Try explaining this to a 15-year-old who has overcome her fear of numbers, theorems, formulas and trigonometry with great difficulty. “How can the paper be leaked?” asked my daughter. “Will the Board ensure that those who attempted it fair and square are not penalised the next time?” Looking at her face which was a mix of injury and incredulity, I realised it wasn’t the best time to play the CBSE’S advocate.
At the dinner table on Tuesday, when she had stolen a few minutes away from solving a sample paper, her parents had promised her a short break in the hills after the exams. Her grandmother had handed her a handwritten good-luck note and assured her that the reward of all the hard work she had done will be her being able to select the stream of her choice in class 11. Today, the family is thinking of ways not to upset her fragile state of mind and urging her to hang in there in exam mode for a few more days.
The order for the retests came on the back of a CBI probe ordered by the government on March 5 into the alleged leak of a paper of the Combined Graduate Level examination conducted by the Staff Selection Commission.
Why is it so difficult for the CBSE, the country’s premier national school board, to conduct free and fair exams? State boards with fewer resources are fighting exam malpractices in their own ways.
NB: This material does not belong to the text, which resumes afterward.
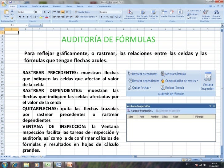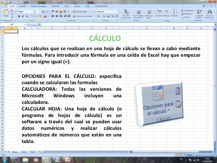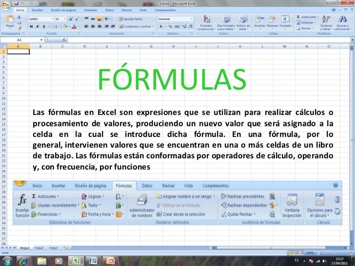 Las fórmulas calculan los valores en un orden específico. Las fórmulas de Excel siempre comienzan por un signo igual (=). Excel interpreta los caracteres detrás del signo igual como una fórmula. Tras el signo igual están los elementos que se van a calcular (los operandos); por ejemplo, constantes o referencias a celdas. Estos se encuentran separados por operadores de cálculo. Excel calcula la fórmula de izquierda a derecha, según el orden específico de cada operador de la fórmula.

The West Bengal exam board even put microchips in question paper packets. When Uttar Pradesh cracked down on cheating this year, using CCTVS, video recordings and an elaborate frisking exercise in which many girls were asked to remove hairpins and boys mandated to wear short-sleeve shirts so they couldn’t carry in chits, more than 10 lakh candidates dropped out of the state board exams. In March 2016, exam papers for the chemistry pre-university course in Karnataka were leaked twice within 10 days. Several thousands had to take the exam three times. How can we ensure it won’t happen at the national level again?
It is no secret that the subject of examinations is close to Prime Minister Narendra Modi’s heart. He has written a book about it and even gave tips to beat exam stress to school students in Delhi on February 16. HRD Minister Prakash Javadekar has promised that Monday onward, the exams will be made “foolproof” through use of technology. Did the CBSE have to wait for this disaster before it could think of this? Should the government hold the CBSE chairperson, who said she had received the leaked paper on the eve of the exam, accountable?
Beyond blaming the board, should we examine whether the evaluation system is overburdened? Are smarter ways of assessment the solution? Does former HRD minister Kapil Sibal’s 2009 decision to scrap the class 10 exams and adopt a grading system needs to be revived? The answers to these may help us stem the rot in the long run. For now, the anxiety among more than two million students about whether the exam they take will again be leaked has to be allayed.